Violation possible? | INSERT | UPDATE | DELETE |
---|---|---|---|
Domain constraint | Y | Y | N |
Key constraint | Y | Y | N |
Entity integrity constraint | Y | Y | N |
Referential integrity constraint | Y | Y | Y |
Lec 6 : MORE SQL
NULL
NULL: unknown, not applicable
Three-values logic:
Check if a column value is NULL
–ColName IS NULL
–ColName IS NOT NULL
– NOT (ColName IS NULL)
–Using =, <>, !=with NULL is not correct
–Not correct: ColName IS 'DAVID'
Retrieve the names of all employees who do not have a supervisor
select fname,lname
from employee
where superssn is null;
Nested queries
(or sub-queries)
–Inner query: a separate select-from-where block within WHERE clause of another (outer) query
★ May reference outer query’s column(s) (correlated nested query)
–Outer query
★ Can not reference inner query’s column
–Glue between inner query and outer query: IN, EXISTS
• Can be used in SELECT, UPDATE, DELETE
–Can be nested into multiple levels
IN
SELECT … WHERE v IN (Q)
Compares expression v with the result set of Q
–Evaluates to TRUE if v is a member in the result set of Q
–Q can be a complete SELECT statement
SELECT ...
FROM ...
WHERE Pho IN (SELECT proj_no FROM...);
–Q can be explicit set of values
SELECT … FROM … WHERE Name IN('Bob', 'David');
UPDATE T SET a = a + 10 WHERE b IN(Q)
DELETE T WHERE b IN(Q)
★ C IN (v1, v2) is equivalent to (C = v1 OR C = v2)

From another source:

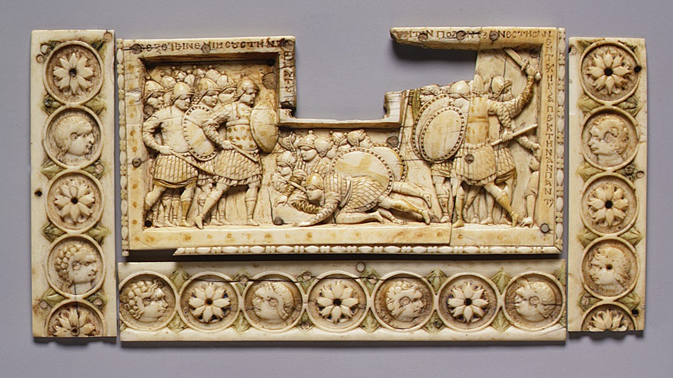 Lo scudo del dittico di Stilicone mostra inoltre un piccolo ritratto imperiale. Questo era quasi certamente un’applique metallica poi fissata sullo scudo, per la quale si ha almeno un parallelo a livello archeologico.
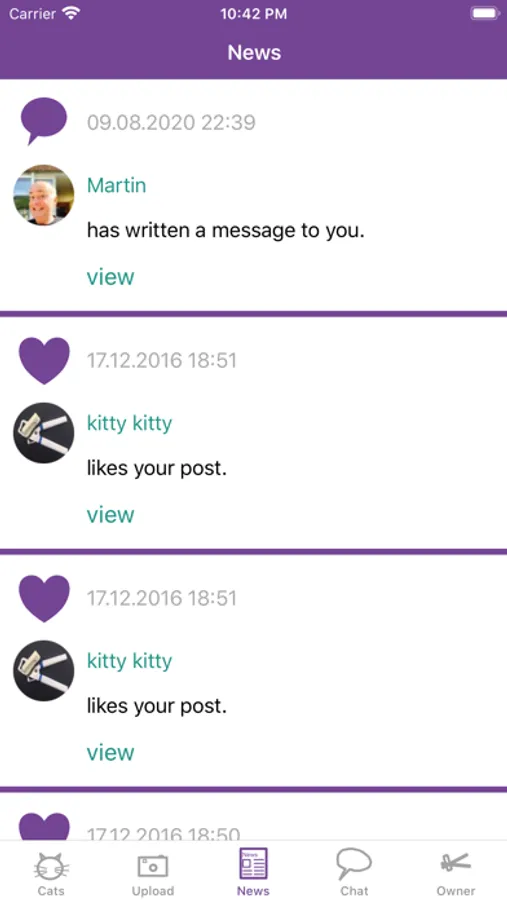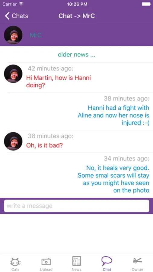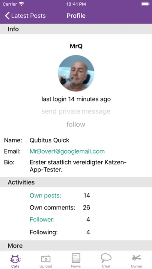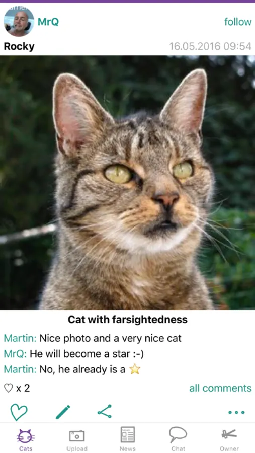 Here you can chat with other cat lovers. Start the dialogue in the profile of the cat lover you want to address.

★ C NOT IN (v1, v2)is equivalent to (C != v1 AND C != v2)
SELECT … WHERE v = (Q)
–Returns TRUE if v is equal to the single value from Q
SELECT … WHERE v = SOME (Q)
–Returns TRUE if v equals to some value in the result set Q
–SOME is equivalent to ANY
Retrieve the name of each employee who has a dependent with the same first name and same sex as the employee
select e.fname,e.lname
from employee as e
where e.ssn in (select essn
from dependent
where e.fname=dependent_name and e.sex=sex);
★ Def: Inner query references columns from outer query
★ Logically evaluated once for each row in the outer query
EXISTS
SELECT … WHERE EXISTS(Q)
–Check if the result of query Q is empty or not
★ Q returns at least one row ➜ TRUE
★ Empty result set from Q ➜ FALSE
★ Inner query usually references outer query’s columns
• Else there is no correlation between inner and outer queries
SELECT … WHERE NOT EXISTS(Q)
UPDATE T SET a = a + 10 WHERE EXISTS(Q)
DELETE T WHERE EXISTS(Q)
List the names of managers who have at least one dependent.
select fname,lname
from employee
where exists (select * from department where ssn=mgrssn) and
exists (select * from dependent where ssn=essn);
Retrieve the names of each employee who works in all projects controlled by department 5
select fname,lname
from employee
where NOT exists ((select Pnumber from PROJECT where Dnum=5)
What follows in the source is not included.